EXERCISE: Repeat the data word for word and skip the pictures.

SUPPLIED MATERIAL:
----

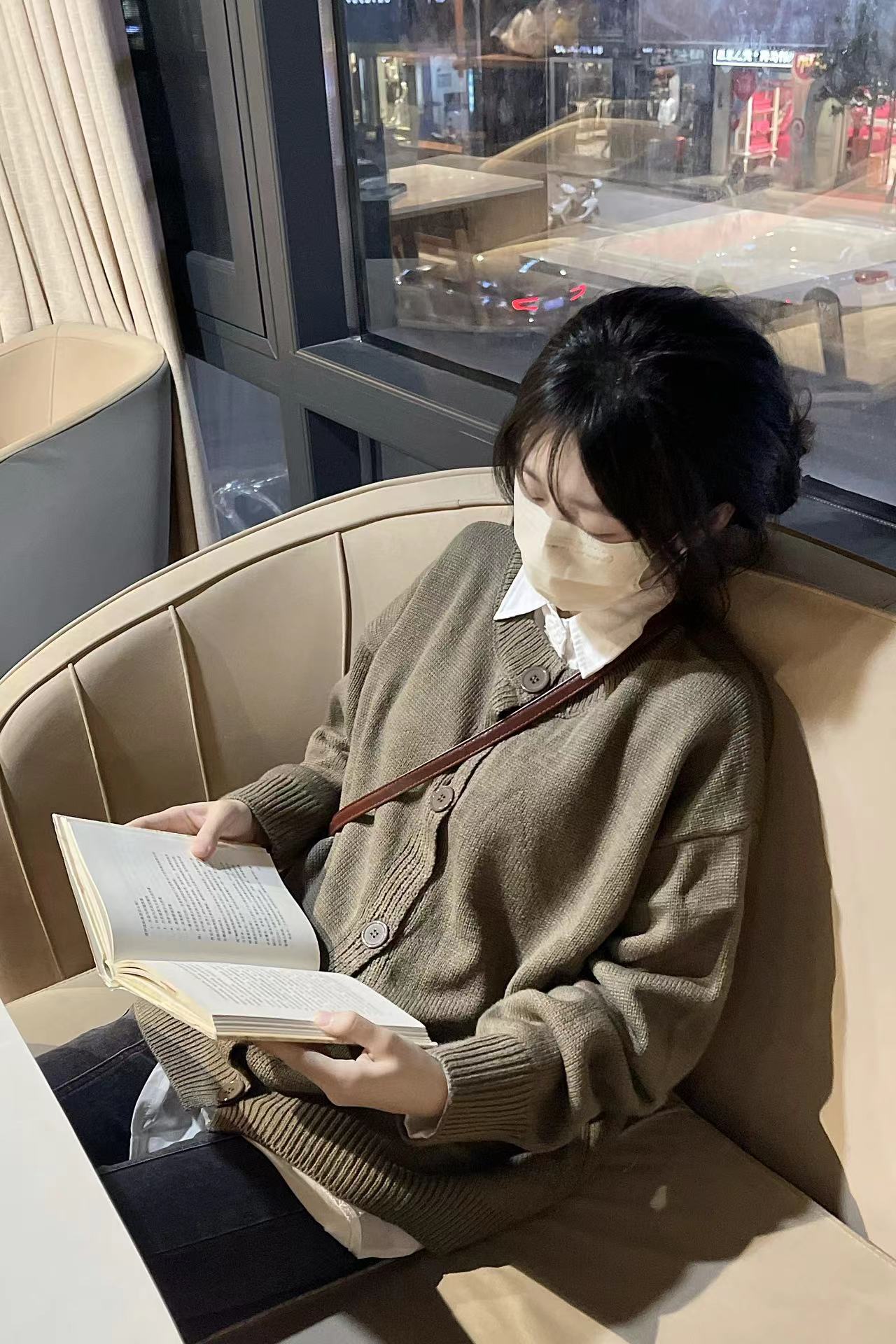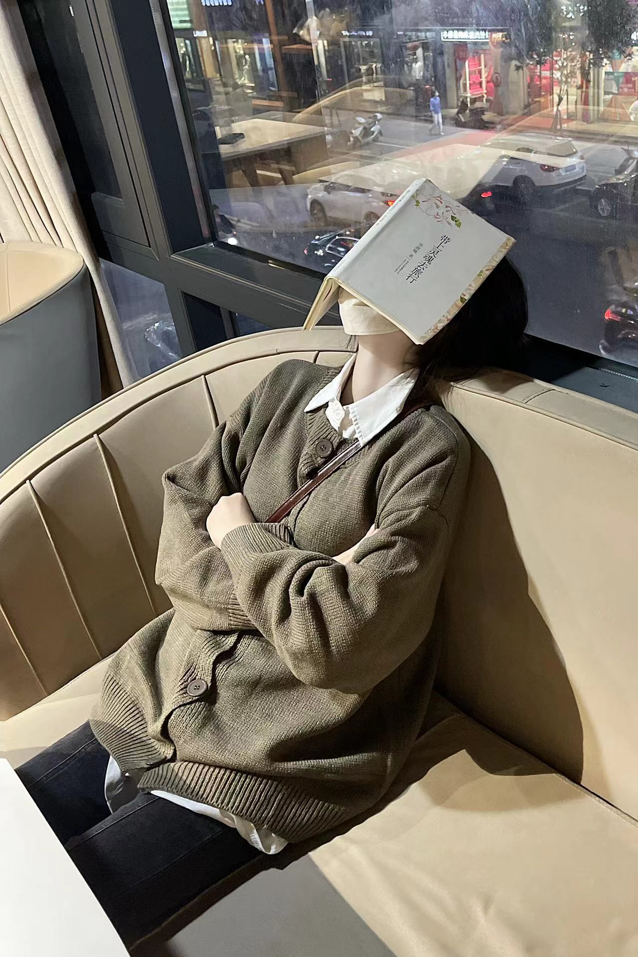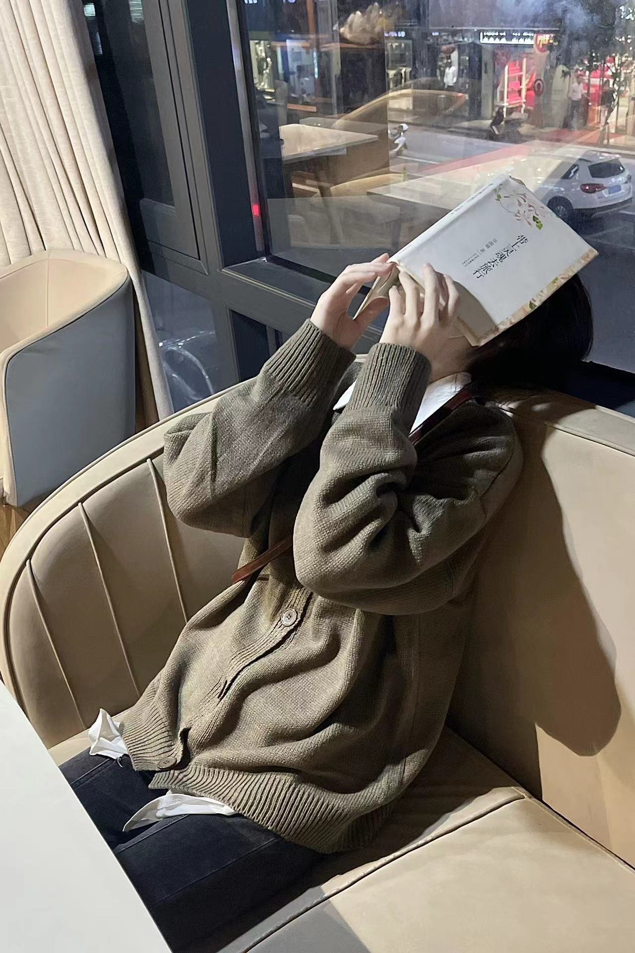 純色針織開衫毛衣秋冬復古慵懶百搭溫柔風高級設計感上衣女外套
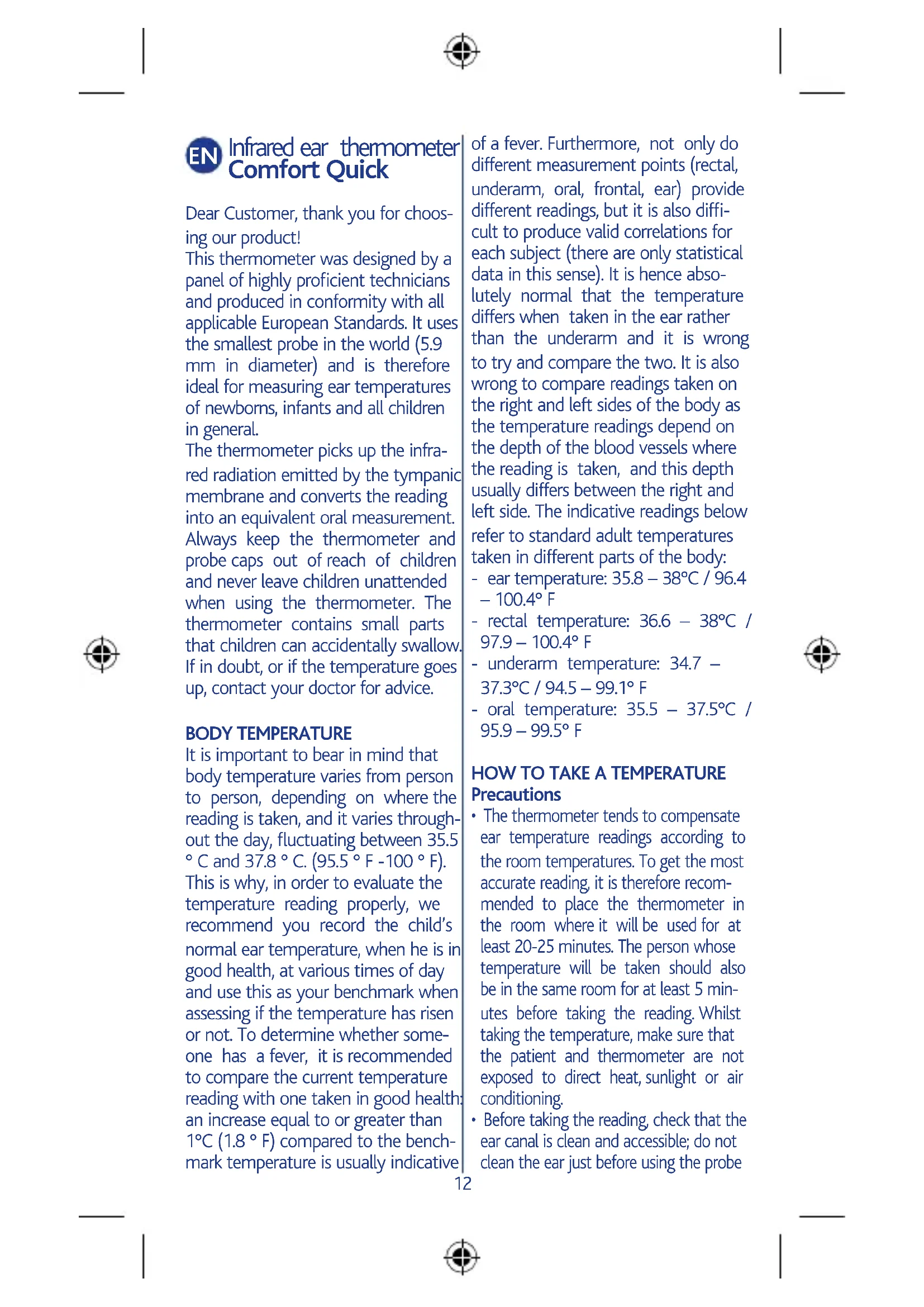 Infrared ear thermometer Comfort Quick Dear Customer, thank you for choos- ing our product! This thermometer was designed by a panel of highly proficient technicians and produced in conformity with all applicable European Standards. It uses the smallest probe in the world (5.9 mm in diameter) and is therefore ideal for measuring ear temperatures of newborns, infants and all children in general. The thermometer picks up the infra- red radiation emitted by the tympanic membrane and converts the reading into an equivalent oral measurement. Always keep the thermometer and probe caps out of reach of children and never leave children unattended when using the thermometer. The thermometer contains small parts that children can accidentally swallow. If in doubt, or if the temperature goes up, contact your doctor for advice. BODY TEMPERATURE It is important to bear in mind that body temperature varies from person to person, depending on where the reading is taken, and it varies through- out the day, fluctuating between 35.5 ° C and 37.8 ° C. (95.5 ° F -100 ° F). This is why, in order to evaluate the temperature reading properly, we recommend you record the child’s normal ear temperature, when he is in good health, at various times of day and use this as your benchmark when assessing if the temperature has risen or not. To determine whether some- one has a fever, it is recommended to compare the current temperature reading with one taken in good health: an increase equal to or greater than 1°C (1.8 ° F) compared to the bench- mark temperature is usually indicative of a fever. Furthermore, not only do different measurement points (rectal, underarm, oral, frontal, ear) provide different readings, but it is also diffi- cult to produce valid correlations for each subject (there are only statistical data in this sense). It is hence abso- lutely normal that the temperature differs when taken in the ear rather than the underarm and it is wrong to try and compare the two. It is also wrong to compare readings taken on the right and left sides of the body as the temperature readings depend on the depth of the blood vessels where the reading is taken, and this depth usually differs between the right and left side. The indicative readings below refer to standard adult temperatures taken in different parts of the body: - ear temperature: 35.8 – 38°C / 96.4 – 100.4° F - rectal temperature: 36.6 – 38°C /
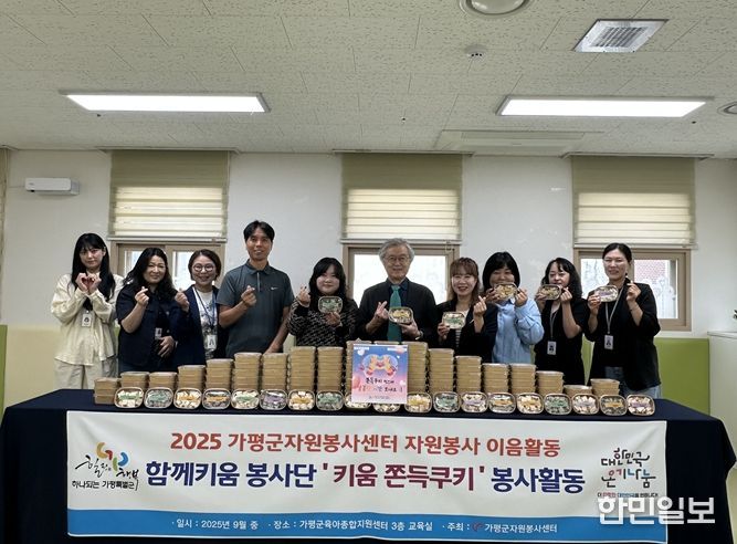한민일보 서울포커스 최성훈 기자 | 가평군자원봉사센터는 지난 9월 16일 오전 10시부터 12시까지 가평군 육아종합지원센터 3층 교육실에서 '자원봉사 이음활동'의 일환으로 함께키움봉사단이 ‘키움쫀득쿠키’ 만들기 봉사활동을 진행했다.

----

REPLY TO THE EXERCISE:
 純色針織開衫毛衣秋冬復古慵懶百搭溫柔風高級設計感上衣女外套
 Infrared ear thermometer Comfort Quick Dear Customer, thank you for choos- ing our product! This thermometer was designed by a panel of highly proficient technicians and produced in conformity with all applicable European Standards. It uses the smallest probe in the world (5.9 mm in diameter) and is therefore ideal for measuring ear temperatures of newborns, infants and all children in general. The thermometer picks up the infra- red radiation emitted by the tympanic membrane and converts the reading into an equivalent oral measurement. Always keep the thermometer and probe caps out of reach of children and never leave children unattended when using the thermometer. The thermometer contains small parts that children can accidentally swallow. If in doubt, or if the temperature goes up, contact your doctor for advice. BODY TEMPERATURE It is important to bear in mind that body temperature varies from person to person, depending on where the reading is taken, and it varies through- out the day, fluctuating between 35.5 ° C and 37.8 ° C. (95.5 ° F -100 ° F). This is why, in order to evaluate the temperature reading properly, we recommend you record the child’s normal ear temperature, when he is in good health, at various times of day and use this as your benchmark when assessing if the temperature has risen or not. To determine whether some- one has a fever, it is recommended to compare the current temperature reading with one taken in good health: an increase equal to or greater than 1°C (1.8 ° F) compared to the bench- mark temperature is usually indicative of a fever. Furthermore, not only do different measurement points (rectal, underarm, oral, frontal, ear) provide different readings, but it is also diffi- cult to produce valid correlations for each subject (there are only statistical data in this sense). It is hence abso- lutely normal that the temperature differs when taken in the ear rather than the underarm and it is wrong to try and compare the two. It is also wrong to compare readings taken on the right and left sides of the body as the temperature readings depend on the depth of the blood vessels where the reading is taken, and this depth usually differs between the right and left side. The indicative readings below refer to standard adult temperatures taken in different parts of the body: - ear temperature: 35.8 – 38°C / 96.4 – 100.4° F - rectal temperature: 36.6 – 38°C /
한민일보 서울포커스 최성훈 기자 | 가평군자원봉사센터는 지난 9월 16일 오전 10시부터 12시까지 가평군 육아종합지원센터 3층 교육실에서 '자원봉사 이음활동'의 일환으로 함께키움봉사단이 ‘키움쫀득쿠키’ 만들기 봉사활동을 진행했다.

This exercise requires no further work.